Tourtier Jean-Pierre, Libert Nicolas, Clapson Patrick, Dubourdieu Stéphane, Jost Daniel, Tazarourte Karim, Astaud Cécil-Emmanuel, Debien Bruno, Auroy Yves
From the Emergency Medical Service (J.P.T., D.J., C.E.A.), Fire Brigade of Paris, 1 Place Jules Renard; Department of Intensive Care (N.L., P.C., S.D., B.D., Y.A.), Military Hospital Val-de-Grâce, Paris; Department of Intensive Care, Military Hospital Val-de-Grâce, Paris; Emergency Medical Service, Fire Brigade of Paris, 1 Place Jules Renard; Emergency Medical Service (K.T.), Melun, 11 Rue Freteau De Peny, Melun, France.
Simul Healthc. 2014 Apr;9(2):81-4. doi: 10.1097/SIH.0b013e3182a833e0.
The use of a stethoscope is essential to the delivery of continuous, supportive en route care during aeromedical evacuations. We compared the capability of 2 stethoscopes (electronic, Litmann 3000; conventional, Litmann Cardiology III) at detecting pathologic heart and lung sounds, aboard a C135, a medical transport aircraft.
Sounds were mimicked using a mannequin-based simulator SimMan.

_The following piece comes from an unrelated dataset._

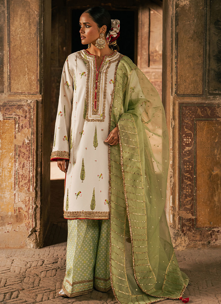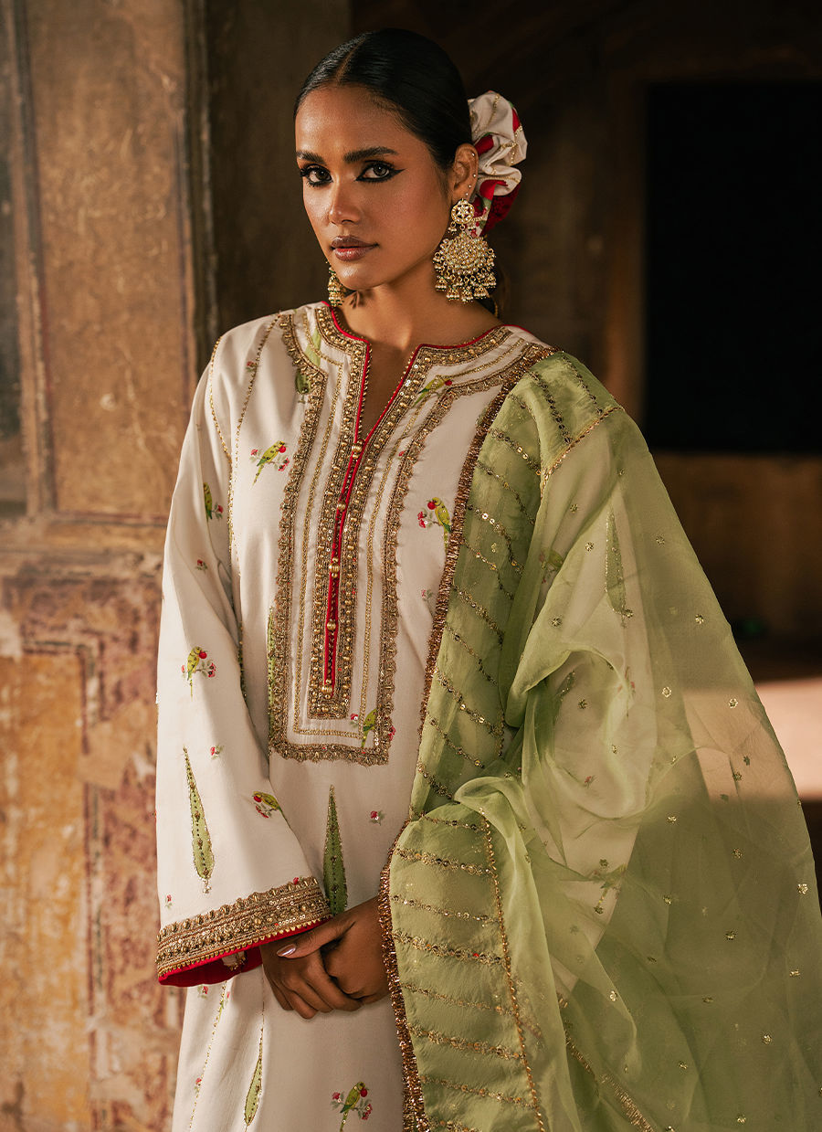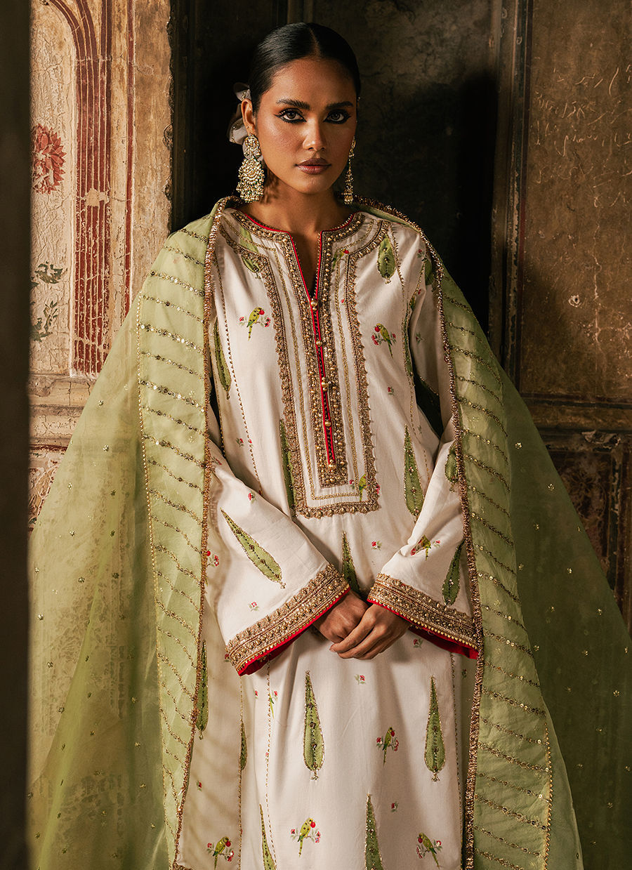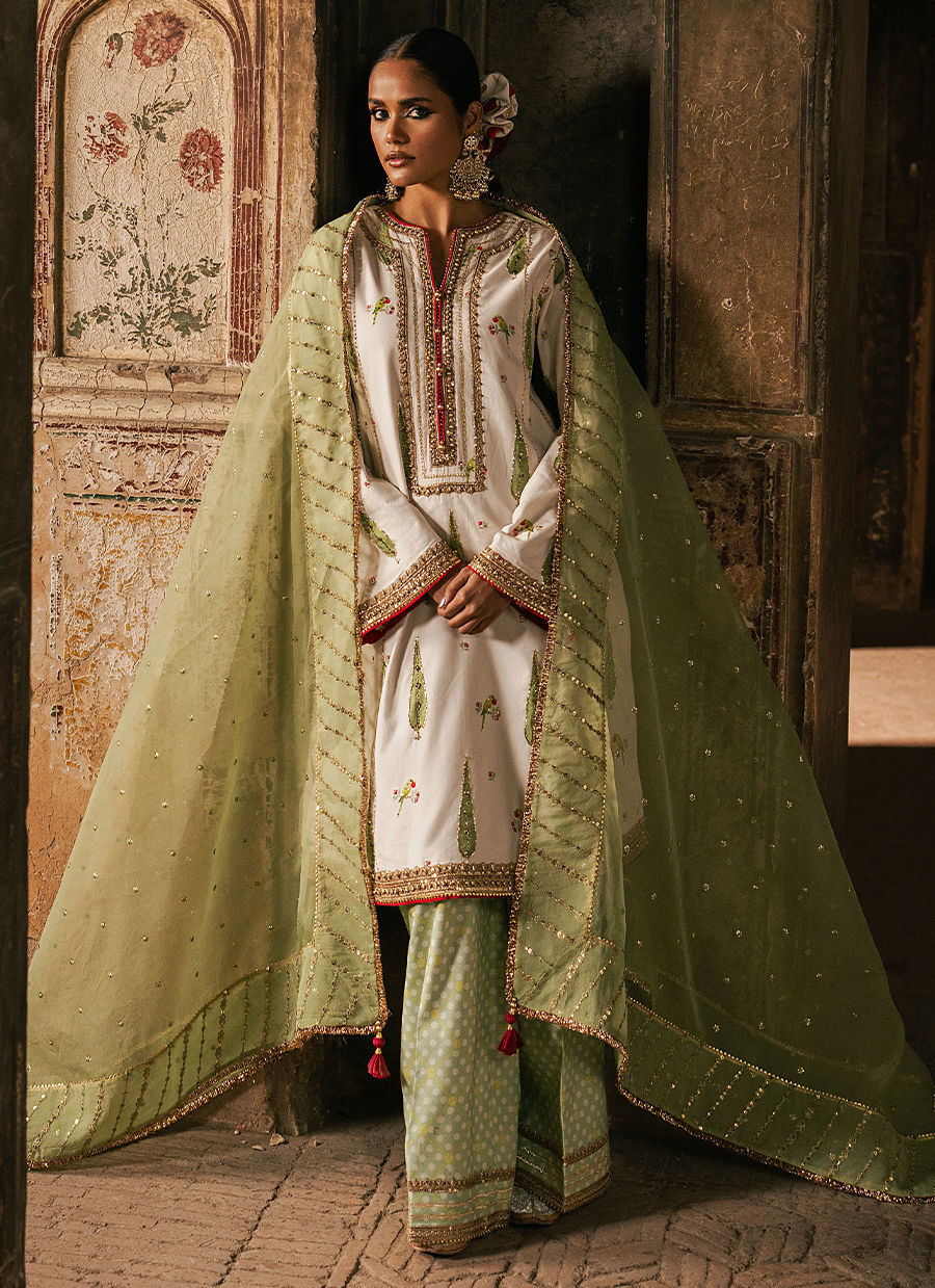 Junoon, An ivory cambric printed shirt, beautifully highlighted with a graceful border and intricate adda work that adds artisanal charm. It is paired with a matching cambric shalwar, detailed with a coordinating border for a balanced and polished look. The ensemble is completed with a single chaan organza dupatta, lending a soft sheen and festive elegance to this timeless creation.

Five practitioners examined the mannequin during a fly, with a variety of abnormalities as follows: crackles, wheezing, right and left lung silence, as well as systolic, diastolic, and Austin-Flint murmur. The comparison for diagnosis assessed (correct or wrong) between using the electronic and conventional stethoscopes were performed as a McNemar test.

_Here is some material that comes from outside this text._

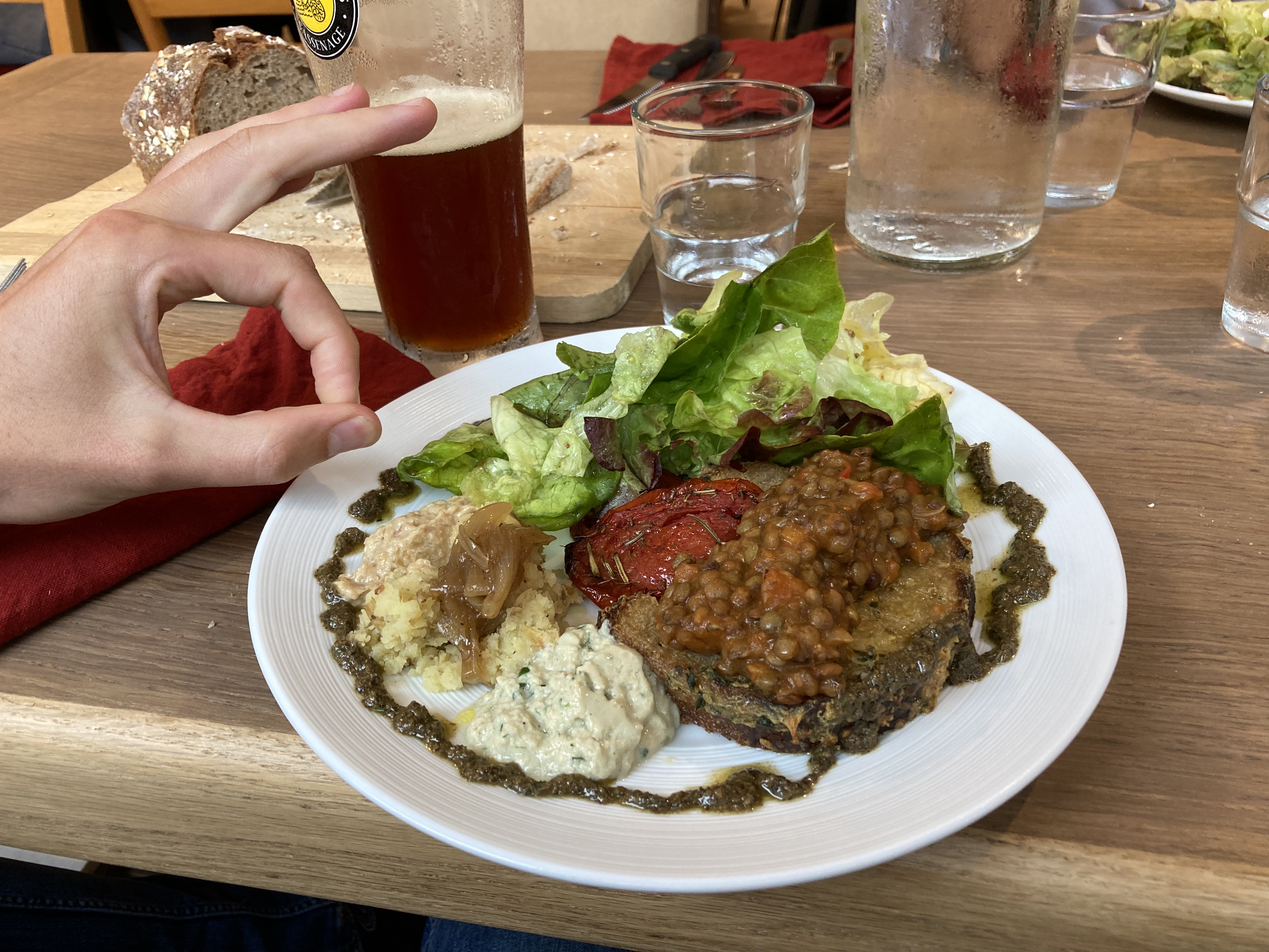 Super restaurant, avec des gens sympas qui essaient de bien faire (produits locaux, pas de viande, etc.) Le menu du midi a un excellent rapport qualité-prix (même si on choisit de payer 15 euros). J'imagine que ça peut varier en fonction des jours, mais pour moi, tout était très bon, de la bière jusqu'au café.

A total of 70 evaluations were performed. For cardiac sounds, diagnosis was right in 0/15 and 4/15 auscultations, respectively, with conventional and electronic stethoscopes (McNemar test, P = 0.13). For lung sounds, right diagnosis was found with conventional stethoscope in 10/20 auscultations versus 18/20 with electronic stethoscope (P = 0.013).
Flight practitioners involved in aeromedical evacuation on C135 plane are more able to practice lung auscultation on a mannequin with this amplified stethoscope than with the traditional one. No benefit was found for heart sounds.
在航空医疗后送过程中,使用听诊器对于提供持续的支持性途中护理至关重要。我们比较了两种听诊器(电子听诊器,Litmann 3000;传统听诊器,Litmann Cardiology III)在一架C135型医疗运输机上检测病理性心肺声音的能力。
使用基于人体模型的模拟器SimMan模拟声音。五名从业者在飞行过程中检查人体模型,存在以下多种异常情况:湿啰音、哮鸣音、左右肺无声,以及收缩期、舒张期和奥斯汀 - 弗林特杂音。使用电子听诊器和传统听诊器之间的诊断比较评估(正确或错误)采用麦克尼马尔检验。
总共进行了70次评估。对于心音,使用传统听诊器和电子听诊器听诊时,诊断正确的分别为0/15次和4/15次(麦克尼马尔检验,P = 0.13)。对于肺音,使用传统听诊器在20次听诊中有10次诊断正确,而使用电子听诊器在20次听诊中有18次诊断正确(P = 0.013)。
参与C135飞机航空医疗后送的飞行从业者使用这种放大听诊器比使用传统听诊器更能在人体模型上进行肺部听诊。在心音方面未发现优势。